Most of the woodwind family would be new to the down-timers, but they would embrace them with open arms, because they would fill musical niches of older, less musical sounding instruments, such as the shawm and the serpent. It wouldn't hurt that the modern designs would for the most part be easier to play as well.
There are two technologies needed to make modern woodwinds a success. One is the Böhm key system developed by Theobald Böhm in the 1830s. It makes playing the instruments (metal or wood) easier, but it requires many many little tiny steel wire springs—preferably stainless steel—and very small screws. It simplifies the fingering, which allows for more notes and faster playing; and it allows for holes that are larger than a normal fingertip can cover. The other technology key is that during the last 350+ years, there has been a great deal of development in determining exactly how the bore of these instruments should be shaped and tapered. These relatively subtle changes allow instruments such as flutes to play much louder than the 1632 versions. Instrument crafters will mug each other to get to this information.
Wind Instruments—Brass
The big news here is valves. Down-time crafters could produce the horn forms already, including the trombone (sometimes known as a sackbut in this time). The concept of valves, however, will send down-time players and crafters into spirals of delight because of the flexibility they will provide the players. And when nickel is available for both nickel plating and for stainless steel, that will only make things better.
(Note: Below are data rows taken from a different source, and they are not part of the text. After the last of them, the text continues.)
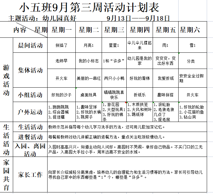 小五班9月第三周活动计划表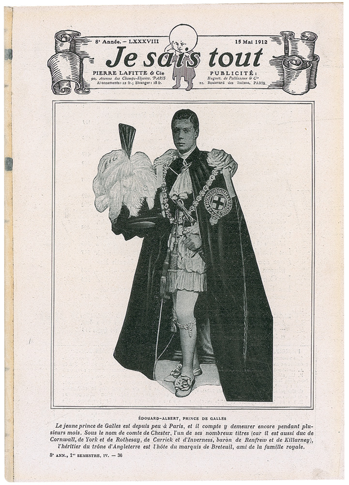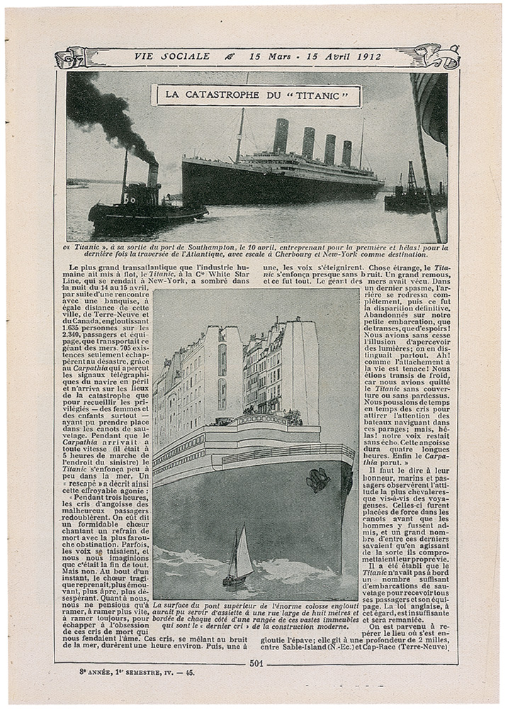 Je sais tout periodical published by Pierre Lafitte & Cie. of Paris, 6.25 x 9.25, 132 pages, May 15, 1912, featuring an article entitled “La catastrophe du ‘Titanic’” that includes 11 images related to the steamship, such as exterior and interior photos, portraits of Captain Smith, Jack Phillips, and famous victims, and illustrations of the liner. In very good condition, with covers absent and some slight separation to binding.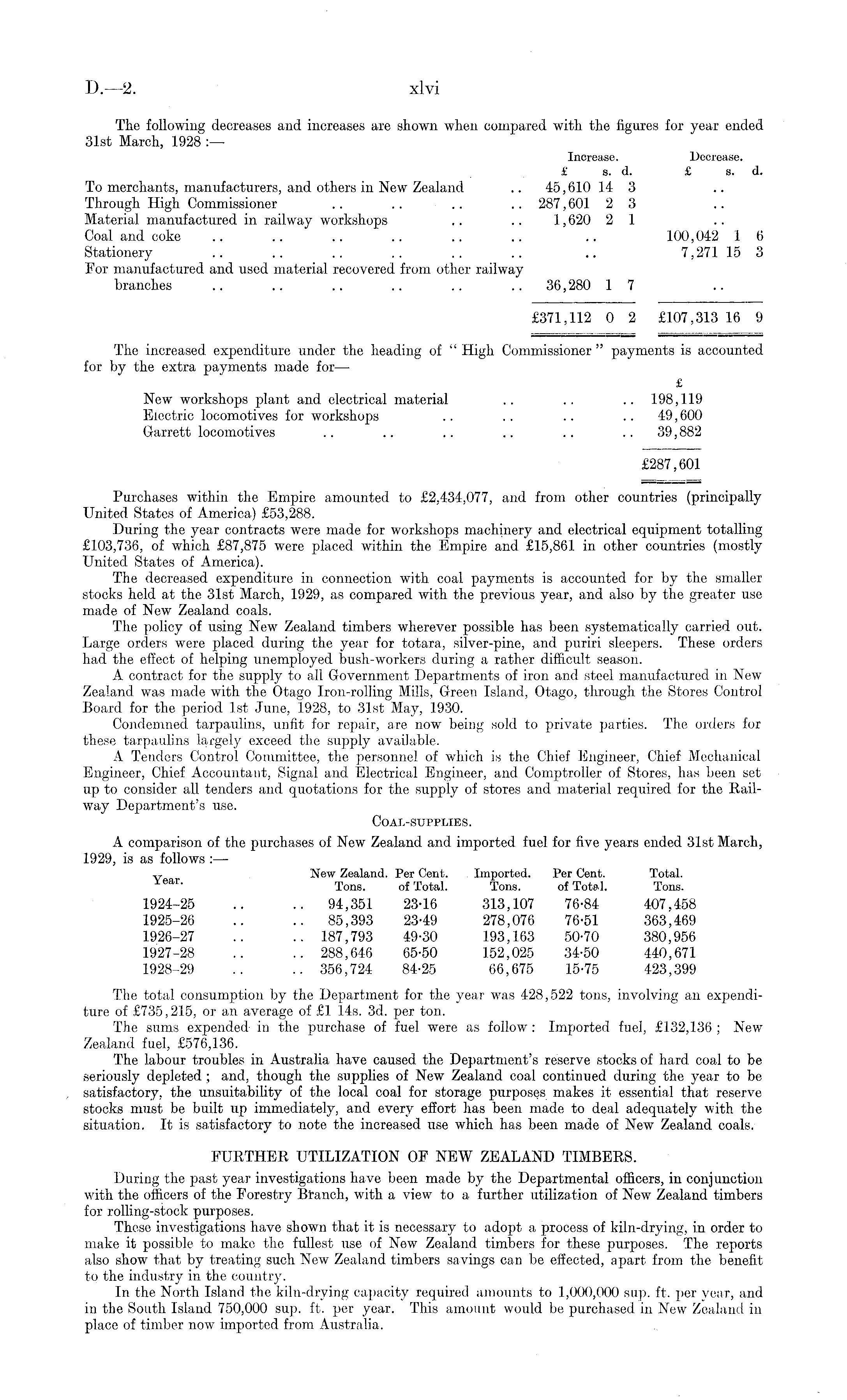 The following decreases and increases are shown when compared with the figures for year ended 31st March, 1928 : —- Increase. Decrease. £ s. d. £ s. d. To merchants, manufacturers, and others in New Zealand .. 45,610 14 3 Through High Commissioner .. .. .. .. 287,601 2 3 Material manufactured in railway workshops .. .. 1,620 2 1 Coal and coke .. .. .. .. .. .. .. 100,042 1 6 Stationery .. .. .. .. .. .. .. 7,271 15 3 For manufactured and used material recovered from other railway branches .. .. .. .. .. 36,280 17 £371,112 0 2 £107,313 16 9 The increased expenditure under the heading of " High Commissioner " payments is accounted for by the extra payments made for— £ New workshops plant and electrical material .. .. .. 198,119 Electric locomotives for workshops .. .. .. .. 49,600 Garrett locomotives .. .. .. .. .. 39,882 £287,601 Purchases within the Empire amounted to £2,434,077, and from other countries (principally United States of America) £53,288. During the year contracts were made for workshops machinery and electrical equipment totalling £103,736, of which £87,875 were placed within the Empire and £15,861 in other countries (mostly United States of America). The decreased expenditure in connection with coal payments is accounted for by the smaller stocks held at the 31st March, 1929, as compared with the previous year, and also by the greater use made of New Zealand coals. The policy of using New Zealand timbers wherever possible has been systematically carried out. Large orders were placed during the year for totara, silver-pine, and puriri sleepers. These orders had the effect of helping unemployed bush-workers during a rather difficult season. A contract for the supply to all Government Departments of iron and steel manufactured in New Zealand was made with the Otago Iron-rolling Mills, Green Island, Otago, through the Stores Control Board for the period Ist June, 1928, to 31st May, 1930. Condemned tarpaulins, unfit for repair, are now being sold to private parties. The orders for these tarpaulins largely exceed the supply available. A Tenders Control Committee, the personnel of which is the Chief Engineer, Chief Mechanical Engineer, Chief Accountant, Signal and Electrical Engineer, and Comptroller of Stores, has been set up to consider all tenders and quotations for the supply of stores and material required for the Kailway Department's use. Coal-supplies. A comparison of the purchases of New Zealand and imported fuel for five years ended 31st March, 1929, is as follows : — v New Zealand. Per Cent. Imported. Per Cent. Total. Tons. of Total. Tons. of Total. Tons. 1924-25 .. .. 94,351 23-16 313,107 76-84 407.458 1925-26 .. .. 85,393 23-49 278,076 76-51 363,469 1926-27 .. .. 187,793 49-30 193,163 50-70 380,956 1927-28 .. .. 288,646 65-50 152,025 34-50 440,671 1928-29 .. .. 356,724 84-25 66,675 15-75 423,399 The total consumption by the Department for the year was 428,522 tons, involving an expenditure of £735,215, or an average of £1 14s. 3d. per ton. The sums expended in the purchase of fuel were as follow : Imported fuel, £132,136 ; New Zealand fuel, £576,136. The labour troubles in Australia have caused the Department's reserve stocks of hard coal to be seriously depleted ; and, though the supplies of New Zealand coal continued during the year to be satisfactory, the unsuitability of the local coal for storage purposes makes it essential that reserve stocks must be built up immediately, and every effort has been made to deal adequately with the situation. It is satisfactory to note the increased use which has been made of New Zealand coals. FURTHER UTILIZATION OF NEW ZEALAND TIMBERS. During the past year investigations have been made by the Departmental officers, in conjunction with the officers of the Forestry Btanch, with a view to a further utilization of New Zealand timbers for rolling-stock purposes. These investigations have shown that it is necessary to adopt a process of kiln-drying, in order to make it possible to make the fullest use of New Zealand timbers for these purposes. The reports also show that by treating such New Zealand timbers savings can be effected, apart from the benefit to the industry in the country. In the North Island the kiln-drying capacity required amounts to 1,000,000 sup. ft. per year, and in the South Island 750,000 sup. ft. per year. This amount would be purchased in New Zealand in place of timber now imported from Australia.

Instrument bore shaping and tapering improvements will be just as big an issue for the down-time brass crafters as for the woodwind crafters. Modern trombones sound much better than the 1632 sackbuts. Trumpets will sound better as well. French horns may or may not sound much improved—the ideal bore of a horn was determined fairly early.
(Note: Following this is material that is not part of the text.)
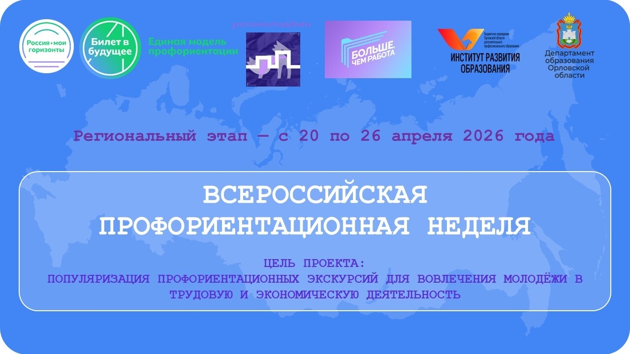 С 20 по 26 апреля реализуется региональный этап Всероссийской профориентационной недели в рамках проекта «Больше, чем работа».

Subtler technology improvements will come in the areas of improved mouthpiece designs, spit valves, and steel springs for all the valves. Working with up-time models will also teach the down-timers a few things about how to properly flare the instrument bells for the best sound. And the emphasis on standardization of models will also be felt.
Percussion
Modern percussion instruments were basically adopted wholesale from the Turks in the eighteenth century when military bands began to be formed. Everything Grantville has will be new to 1632, including the pedal tuning mechanism for tympani, but none of it will be beyond the abilities of the down-time craftsmen. They will need some big pieces of cowhide for some of those drumheads, though.
Electronic instruments
These instruments are all subject to the limitation/requirement that reliable electrical power supplies of the correct voltage are available. That means for the first few years their performance venues would be pretty limited. It's also likely that most of them won't be reproducible by down-time craftsmen; at least not until the down-time electronics industry reaches a particular level that will begin making certain types of parts available. That may take a while; i.e., years, maybe generations for some of them. This would include electric pianos, synthesizers, MIDI instruments, and using computers to generate music.
Electric Guitar
I will speak to this one directly, since so much popular music utilizes it. Yes, electric guitars could be reproduced by down-timer craftsmen. Amplifier speakers are possible with down-time technology, although the magnets might be electromagnets rather than the modern types currently in use. The big problem with reproducing the electronic guitar technology is that it will be at least 1637, more like 1638-9, before tubes for amplifier power heads are available in commercial quantities. Combine that with the requirement for reliable power, and it will be hard to see these as much of a force on the musical scene for quite a while.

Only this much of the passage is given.